TASK STATEMENT: Output all entries precisely and leave out the pictures.

[Collection entries]
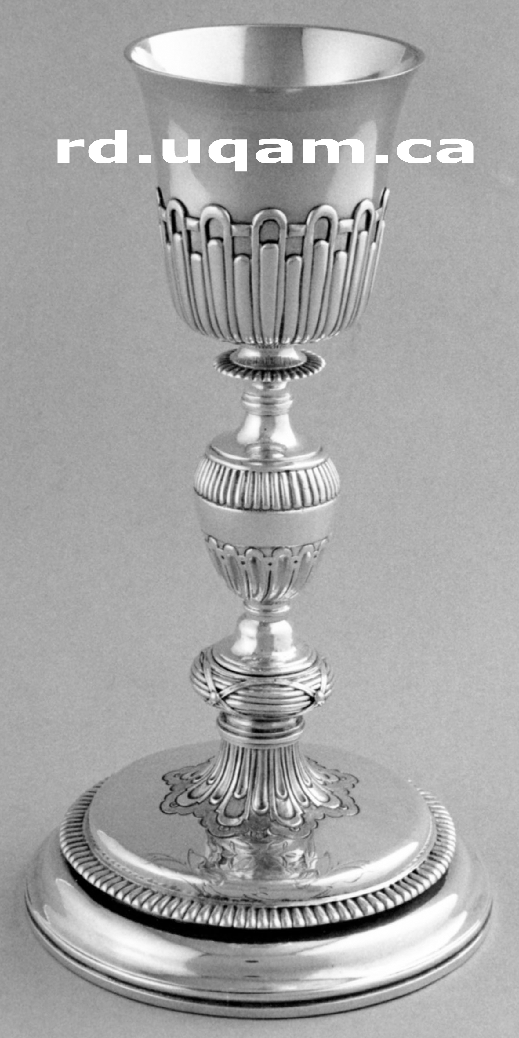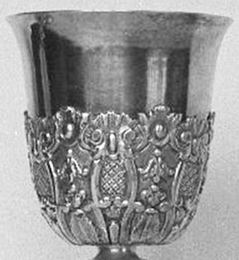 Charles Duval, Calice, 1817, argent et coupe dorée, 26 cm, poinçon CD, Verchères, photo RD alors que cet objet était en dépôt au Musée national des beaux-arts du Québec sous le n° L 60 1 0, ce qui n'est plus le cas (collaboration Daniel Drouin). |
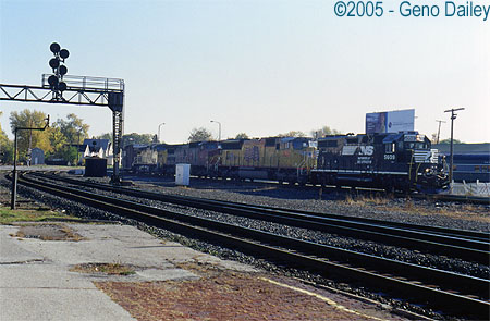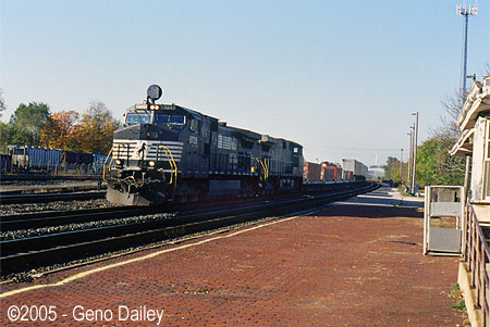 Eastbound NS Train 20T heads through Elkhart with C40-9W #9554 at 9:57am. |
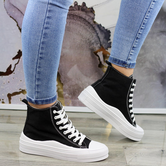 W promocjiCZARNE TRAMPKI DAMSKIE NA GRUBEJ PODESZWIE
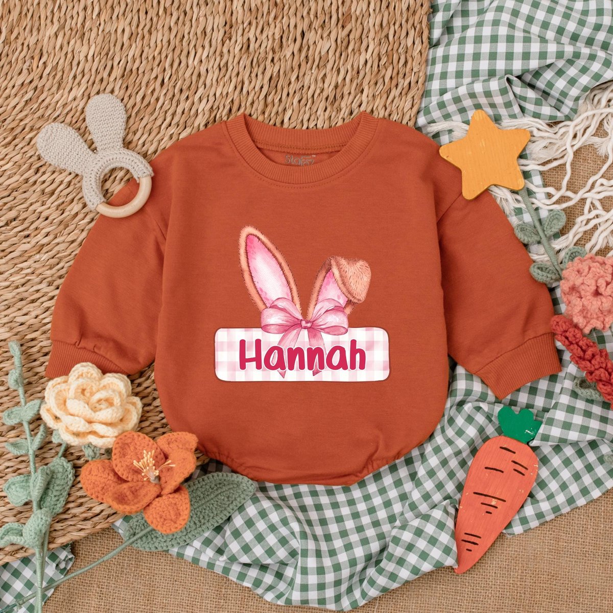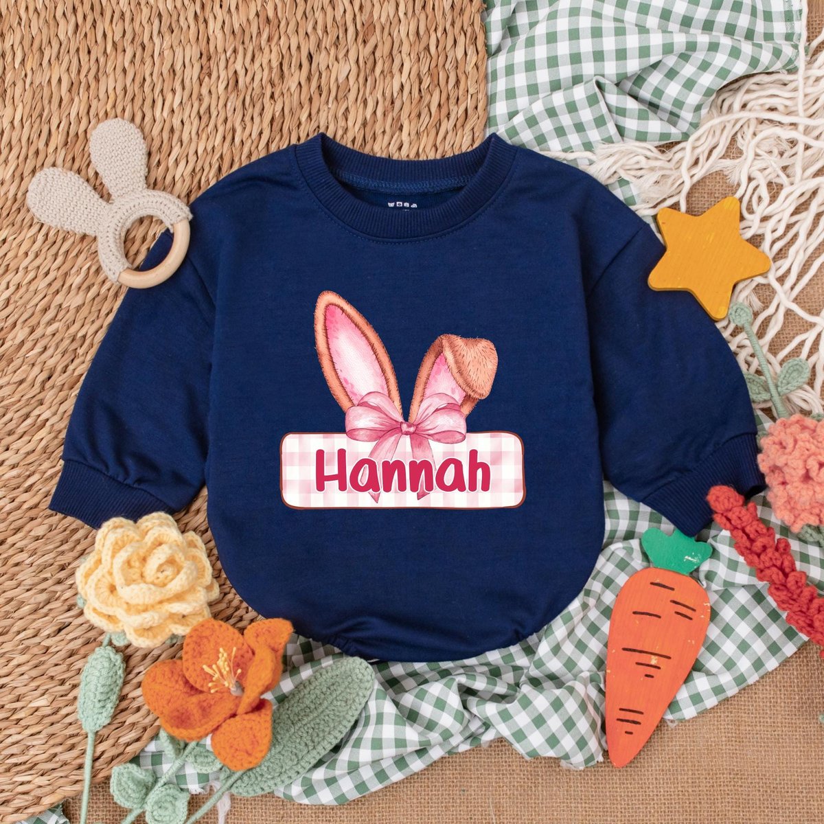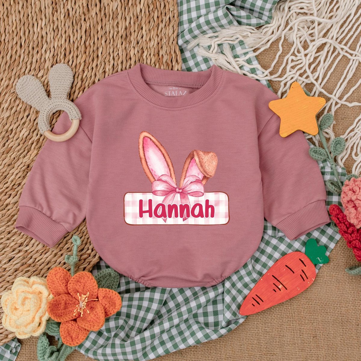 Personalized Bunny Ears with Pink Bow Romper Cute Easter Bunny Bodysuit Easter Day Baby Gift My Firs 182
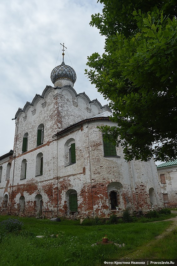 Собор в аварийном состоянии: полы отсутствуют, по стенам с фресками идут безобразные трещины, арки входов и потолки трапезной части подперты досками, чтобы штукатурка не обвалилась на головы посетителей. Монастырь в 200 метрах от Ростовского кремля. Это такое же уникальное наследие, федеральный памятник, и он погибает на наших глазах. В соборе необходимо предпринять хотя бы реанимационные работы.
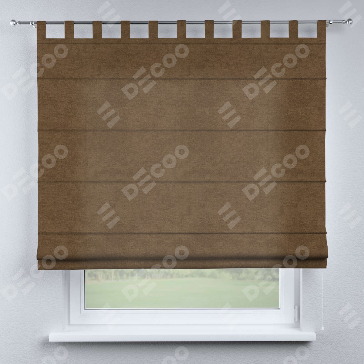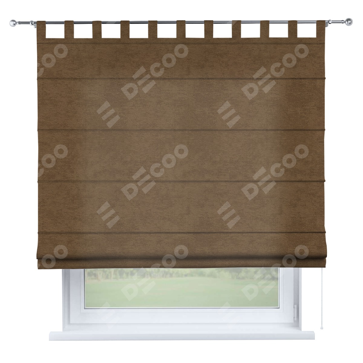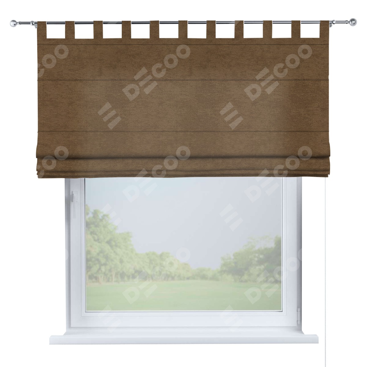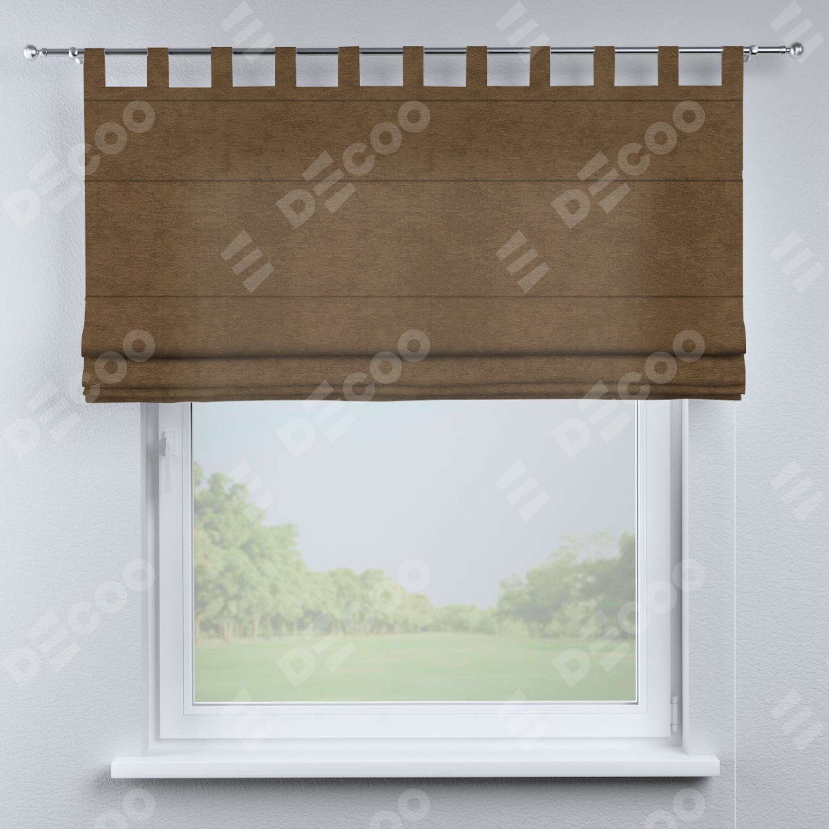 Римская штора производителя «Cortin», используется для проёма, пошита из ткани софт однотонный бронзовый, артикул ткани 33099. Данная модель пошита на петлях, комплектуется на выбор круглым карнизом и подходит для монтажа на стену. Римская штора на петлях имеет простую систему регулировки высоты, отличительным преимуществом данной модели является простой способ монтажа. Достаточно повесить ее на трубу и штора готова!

RESPONSE TO THIS EXERCISE:
 Charles Duval, Calice, 1817, argent et coupe dorée, 26 cm, poinçon CD, Verchères, photo RD alors que cet objet était en dépôt au Musée national des beaux-arts du Québec sous le n° L 60 1 0, ce qui n'est plus le cas (collaboration Daniel Drouin). |
 Eastbound NS Train 20T heads through Elkhart with C40-9W #9554 at 9:57am. |
 W promocjiCZARNE TRAMPKI DAMSKIE NA GRUBEJ PODESZWIE
 Personalized Bunny Ears with Pink Bow Romper Cute Easter Bunny Bodysuit Easter Day Baby Gift My Firs 182
 Собор в аварийном состоянии: полы отсутствуют, по стенам с фресками идут безобразные трещины, арки входов и потолки трапезной части подперты досками, чтобы штукатурка не обвалилась на головы посетителей. Монастырь в 200 метрах от Ростовского кремля. Это такое же уникальное наследие, федеральный памятник, и он погибает на наших глазах. В соборе необходимо предпринять хотя бы реанимационные работы.
 Римская штора производителя «Cortin», используется для проёма, пошита из ткани софт однотонный бронзовый, артикул ткани 33099. Данная модель пошита на петлях, комплектуется на выбор круглым карнизом и подходит для монтажа на стену. Римская штора на петлях имеет простую систему регулировки высоты, отличительным преимуществом данной модели является простой способ монтажа. Достаточно повесить ее на трубу и штора готова!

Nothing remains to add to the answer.